Summary

Hsieh et al. (UC Berkeley, arXiv:2512.02011) present DexScrew, a sim-to-real framework for contact-rich dexterous manipulation (screwdriving, nut-bolt fastening) that explicitly handles imperfect simulation. Key insight: RL in simplified simulation learns transferable rotational motion primitives; these primitives bootstrap real-world teleoperation to collect tactile demonstrations, enabling final behavior cloning policies that generalize to unseen object geometries.

Hsieh 等人(加州大學伯克利分校,arXiv:2512.02011)提出了 DexScrew,一個針對接觸豐富的靈巧操作(螺絲刀擰緊、螺母螺栓緊固)的 sim-to-real 框架,明確處理不完美的仿真。核心洞察:在簡化仿真中的 RL 學習可轉移的旋轉運動原語;這些原語引導真實世界的遙操作收集觸覺示範,最終使行為克隆策略能夠泛化到未見過的物體幾何形狀。

Prerequisites

  • Reinforcement learning for robotics (policy gradients, sim-to-real)
  • Dexterous hand manipulation; multi-fingered grasping
  • Tactile sensing and proprioception
  • Behavior cloning / imitation learning

Core Idea

Two classic approaches fail for contact-rich dexterous manipulation: (1) sim-to-real RL requires accurate physics simulation of complex contact dynamics and tactile sensing (intractable); (2) teleoperation-based imitation learning requires high-quality dexterous demonstrations (hard to collect at scale due to human-robot morphology gap).

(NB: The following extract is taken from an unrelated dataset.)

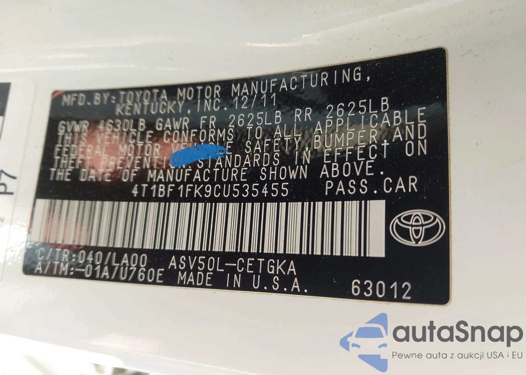 • VIN 4T1BF1FK9CU535455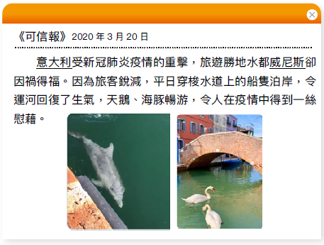 1. 意大利受新冠肺炎疫情的重擊,但威尼斯的運河卻因而回復了生氣,天鵝、海豚暢游。

DexScrew’s three-stage hybrid:

  1. RL in simplified simulation: train on simplified object models that capture the essential rotational structure but ignore fine contact details → learn correct finger gaits (motion primitives)
  2. Skill-assisted teleoperation: use the sim-trained policy as a skill primitive to guide human teleoperation in the real world → enables efficient collection of contact-rich demonstrations with tactile + proprioceptive data
  3. Behavior cloning with tactile sensing: train BC policy on real-world demonstrations → generalizes to diverse object geometries and is robust to perturbations

Results

  • High task progress ratios vs. direct sim-to-real transfer on screwdriving and nut-bolt fastening
  • Generalization to nuts/screwdrivers with diverse geometries not seen in training
  • Robust performance under external perturbations
  • Code and videos at dexscrew.github.io

Limitations

Author-stated:

  • Framework assumes the core motion primitive (rotational skill) can be learned in simplified simulation; may not generalize to tasks where the full contact dynamics are critical even for primitive learning

Unstated:

  • Teleoperation quality still bounds the quality of real-world demonstrations
  • Three-stage pipeline adds complexity vs. end-to-end approaches
  • Evaluation scope limited to screwdriving/fastening; generality to other dexterous tasks unstated

Reproducibility

  • Code/Data: Project page at dexscrew.github.io (code available per project page)
  • Hardware: Multi-fingered robot hand with tactile sensing
  • Compute: Standard RL + behavior cloning training scale

Insights

The key architectural insight is that motion primitives (the “how” of rotation) are learnable from simplified simulation, even if the full contact dynamics are not. This separates the skill acquisition problem (learned in sim) from the sensing/dynamics problem (learned from real demonstrations). It’s an elegant decomposition that sidesteps the sim-to-real gap without ignoring simulation entirely. The skill-primitive-as-teleoperation-aid is also clever: it enables the human to focus on high-level decisions while the robot handles low-level rotational control.

Connections

Raw Excerpt

The key idea is that the motion primitives underlying contact-rich dexterous manipulation do not need to be learned from a perfect physics model. A simplified simulator is sufficient to induce the core rotational behaviors required for these tasks.